Cover of Judy Garland
The one and only Judy Garland was born Frances Gumm on this day, 89 years ago. (Yes, Judy played Dorothy in the Wizard of OZ in 1939.) Actress and singer. Born on Frances Ethel Gumm on June 10, 1922, in Grand Rapids, Minnesota. Judy Garland, the star of many classic musical films, was known for her tremendous talent and troubled life. She started out in show business at an early age. The daughter of vaudeville professionals, she started her stage career as a child.

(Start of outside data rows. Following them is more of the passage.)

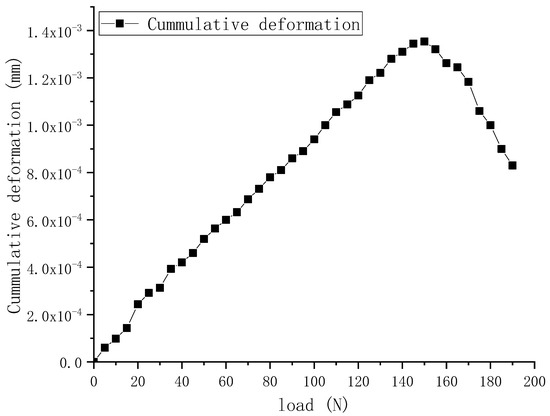The elastic interval of cattle enamel samples was tested, and the load–deformation curve is shown in Figure 2. The range of the load was 0~190 N and the deformation of cattle enamel was measured; thus, it can be concluded that the elastic range of bovine enamel was 30~120 N. In order to verify the accuracy of the CDH detection system, the range of 40~50 N was selected as the loading range, the pressure interval was 1 N, and the stability time was 10 s.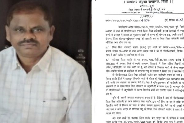 दुर्ग/बालोद। शिक्षा विभाग में लगातार स्वास्थ्यगत कारणों से अवकाश पर रहने वाले जिला शिक्षा अधिकारी पी.सी. मरकले को अब प्रभार से मुक्त कर दिया गया है। शुक्रवार को दुर्ग संभाग के संयुक्त संचालक (शिक्षा) आर.एल. ठाकुर ने नया आदेश जारी करते हुए स्पष्ट किया कि बालोद जिले की जिम्मेदारी फिलहाल योगदास साहू, प्रभारी प्राचार्य डाइट…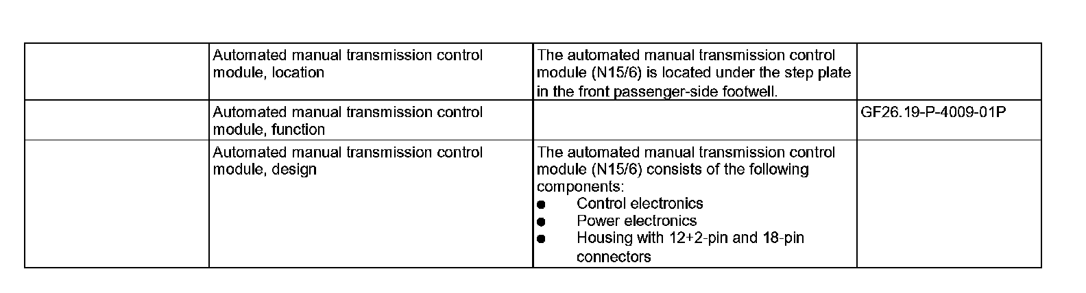 GF26.19-P-4009P Automated Manual Transmission Control Module, Location / Task / Design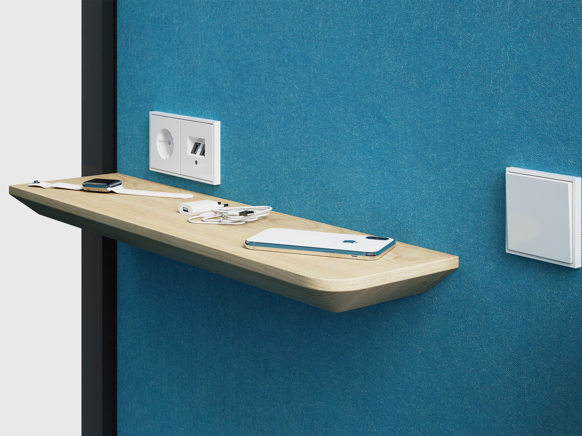 Wir liefern die akustisch wirksame QUIET.BOX inklusiv Belüftung, Beleuchtung und Stromanschluss. Sie fügt sich überall, selbst in Durchgangsbereichen, harmonisch ein.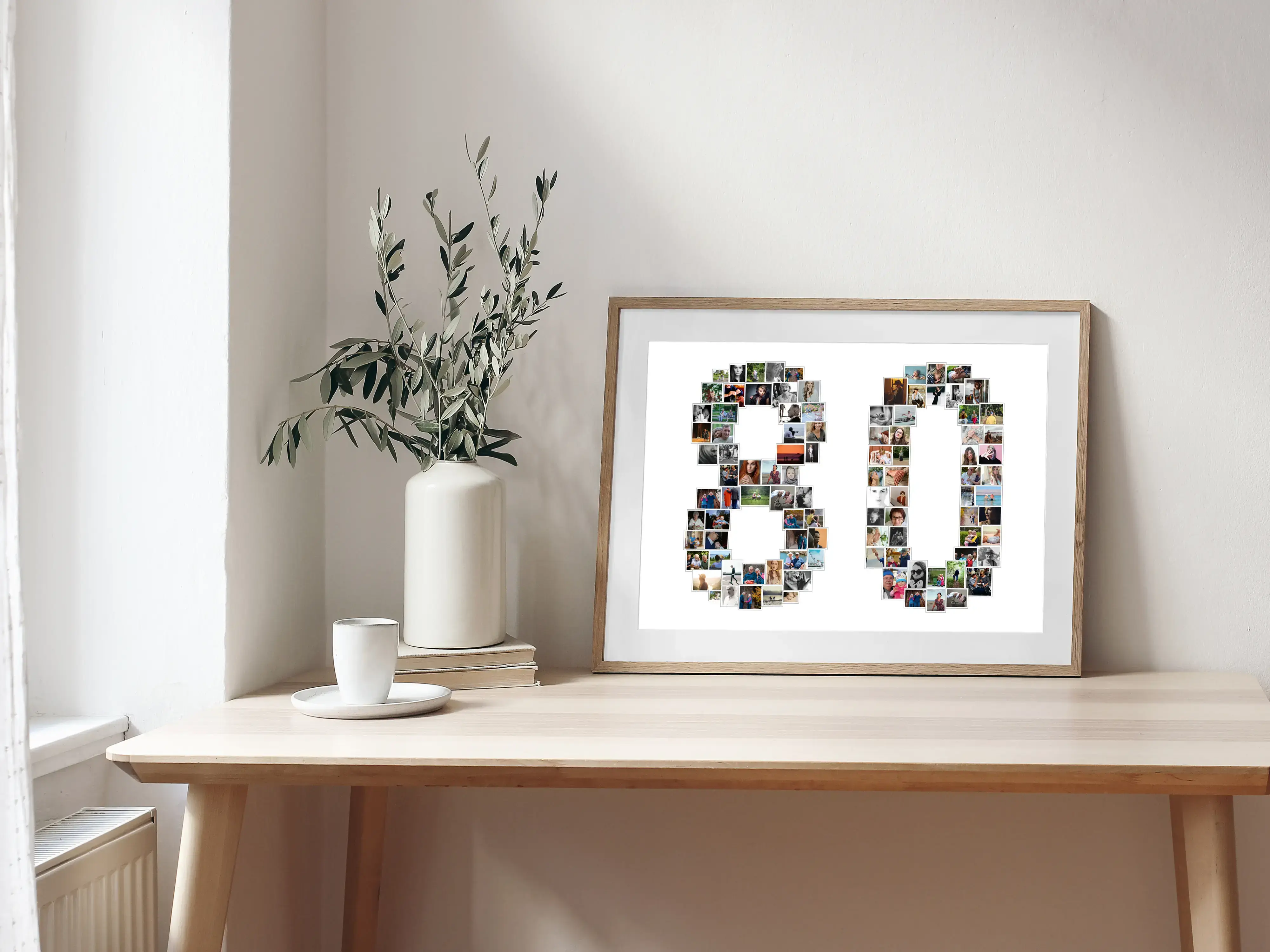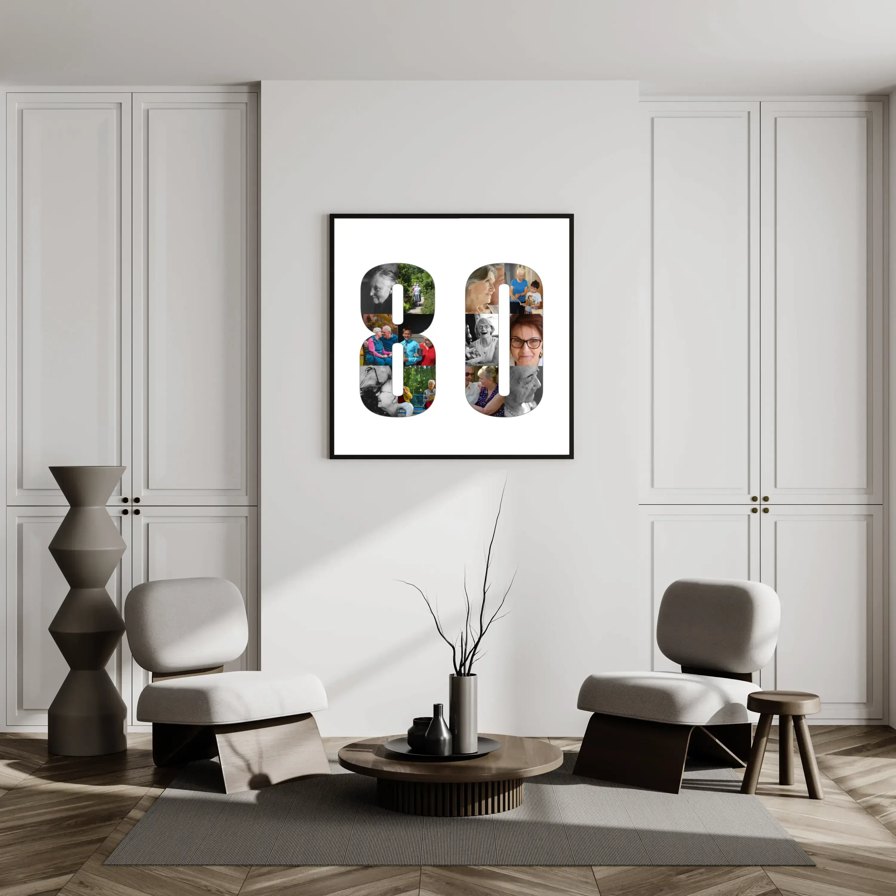 Celebra 80 años creando una collage única con tus fotos memorables. Ideal para regalar.
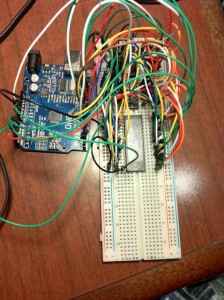 So the basic deal is that D2 to D9 on the Arduino connect to D0 to D7 of the flash ROM, but they’re also used as the 8 inputs to the two LS374’s so that we can latch a low address (A0 to A7 of the flash ROM), and a high address (A8 to A15) of the flash ROM. The other higher address lines of the flash ROM come from the Arduino’s A1 to A3. There’s just a few other pins connected directly from the Arduino.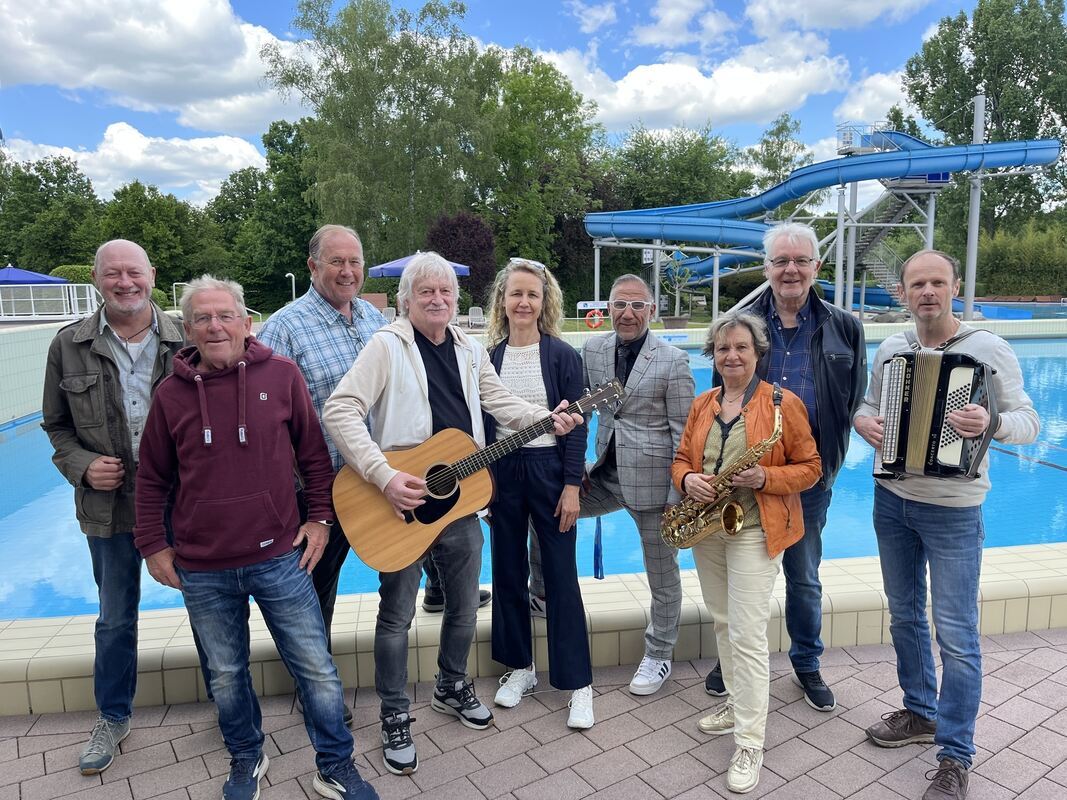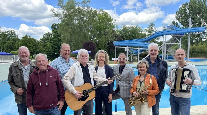 Die Akteure von »Literatur & Sound« im Reutlinger Wellenfreibad haben sich um das Organisatoren-Team mit Daniela Baum und Necdet Mantar (Bildmitte) versammelt.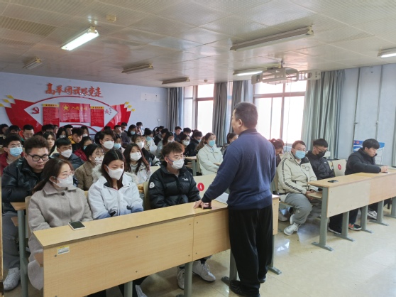 会议开始,赵望锋强调让学生们新学期严格落实好疫情防控要求。接着,赵望锋对宿舍卫生中常出现问题进行了强调,希望同学们能够遵守纪律,不带饭进公寓,及时将宿舍垃圾带出公寓,积极投身建设一个干净整洁的公寓宿舍环境。他还提醒各班班长及团支部书记,及时了解班级学生的个人情况。最后,赵望锋让各班班长督促学习较落后的学生,并提醒学生们上课认真听讲、努力完成学业。在座学生认真聆听,此次会议圆满结束。

Garland shed her nickname "Baby" in favor of a more mature and vibrant Judy. The following year, she would become a solo act, signing a movie contract with MGM at the age of 13. It was on a radio broadcast that November, however, that Garland debuted one of the songs most closely associated with her, "Zing! Went the Strings of My Heart." Shortly after the program aired, Garland suffered a great personal loss when her father Frank died of spinal meningitis.
Despite her personal anguish, Garland continued on her path to film stardom. One of her first feature film roles was in Pigskin Parade (1936). Playing a girl-next-door type of role, Garland went on to co-star in Love Finds Andy Hardy (1938) with friend Mickey Rooney. The two proved to be a popular pairing, and they co-starred in several more Andy Hardy films.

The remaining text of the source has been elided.